Objective: To study the effect of signal-selective parathyroid hormone (PTH) analogue peptide on Wnt signaling factors in osteoblasts isolated from neonatal mouse, and provide theoretical basis for the mechanism of PTH's function in bone metabolism.
Methods: Osteoblasts were isolated from calvaria of 2-3-day-old C57BL neonatal mouse and identified by alkaline phosphatase (ALP) staining, and Alizarin red staining. The cells at passage 1 were divided into 4 groups: control group, PTH (1-34) group, G1R19 (1-34) group, and G1R19 (1-28) group. Then the medium was changed to a-MEM supplemented with 1% FBS. After 12 hours, trifluoroacetic acid or three peptides [(10 nmol/L PTH (1-34), 10 nmol/L G1R19 (1-34), and 100 nmol/L G1R19 (1-28)] were added into the culture medium. After 4 hours, the cells were washed gently with cold PBS 3 times before total RNA was isolated. The expressions of Wnt related genes were measured by quantitative real-time PCR.

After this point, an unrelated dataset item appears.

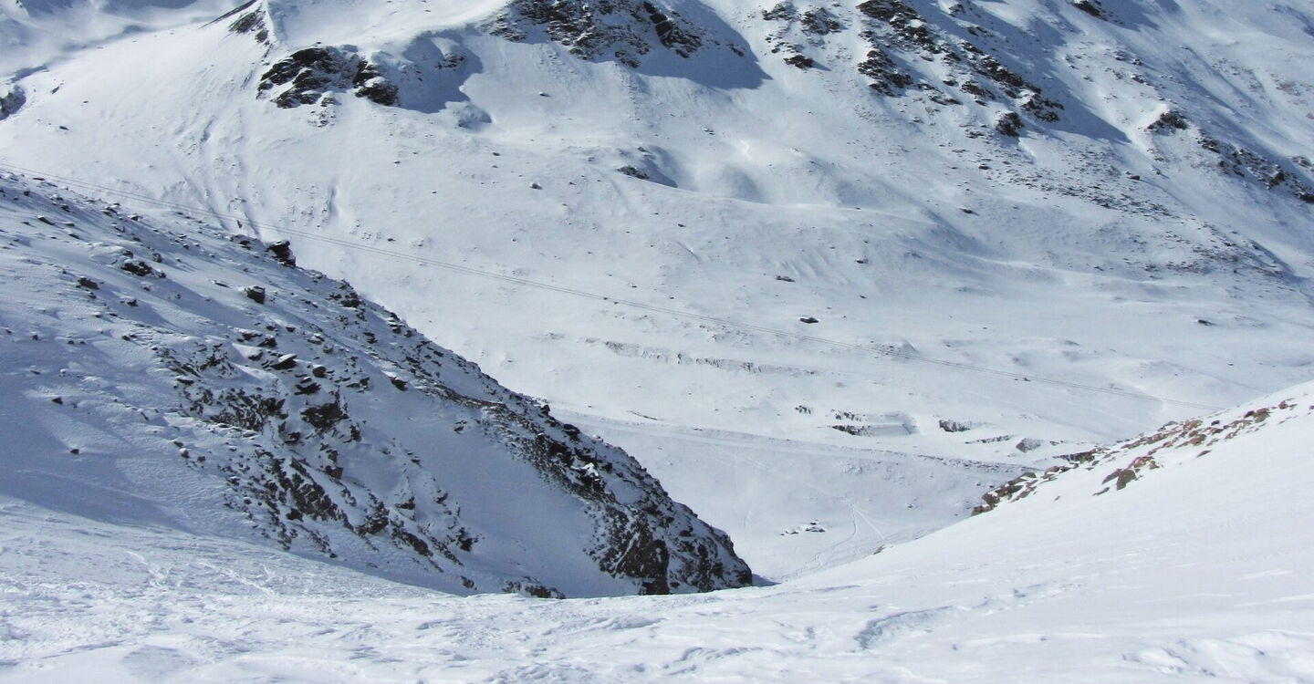 Wir queren die Piste von der Madritschhütte kommend, bevor wir direkt auf die Skiroute Nr. 5, das Kanonenrohr, einsteigen.

Results: Most of the cells were polygonal and triangular; the cells were positive for ALP staining with blue cytoplasm at 14 days and the Alizarin red staining showed the formation of red mineralized nodules in the special mineralization induction medium at 28 days. The expressions of osteocalcin mRNA and Wnt5b mRNA in PTH (1-34) group, G1R19 (1-34) group, and G1R19 (1-28) group were significantly higher than those in control group (P < 0.05); the expression of Wnt2 mRNA was significantly lower than that in control group (P < 0.05); the expression of beta-catenin mRNA in PTH (1-34) group was significantly higher than that in control group (P < 0.05); the expression of Wnt7b mRNA in PTH (1-34) group and G1R19 (1-34) group was higher than that in control group, and the G1R19 (1-34) group was higher than PTH (1-34) group and G1R19 (1-28) group (P < 0.05).
Conclusion: In the Wnt-related factors, PTH (1-34) and G1R19 (1-34) affect mainly canonical Wnt signal factors, but the G1R19 (1-28) chiefly acts on non-canonical Wnt signal factors.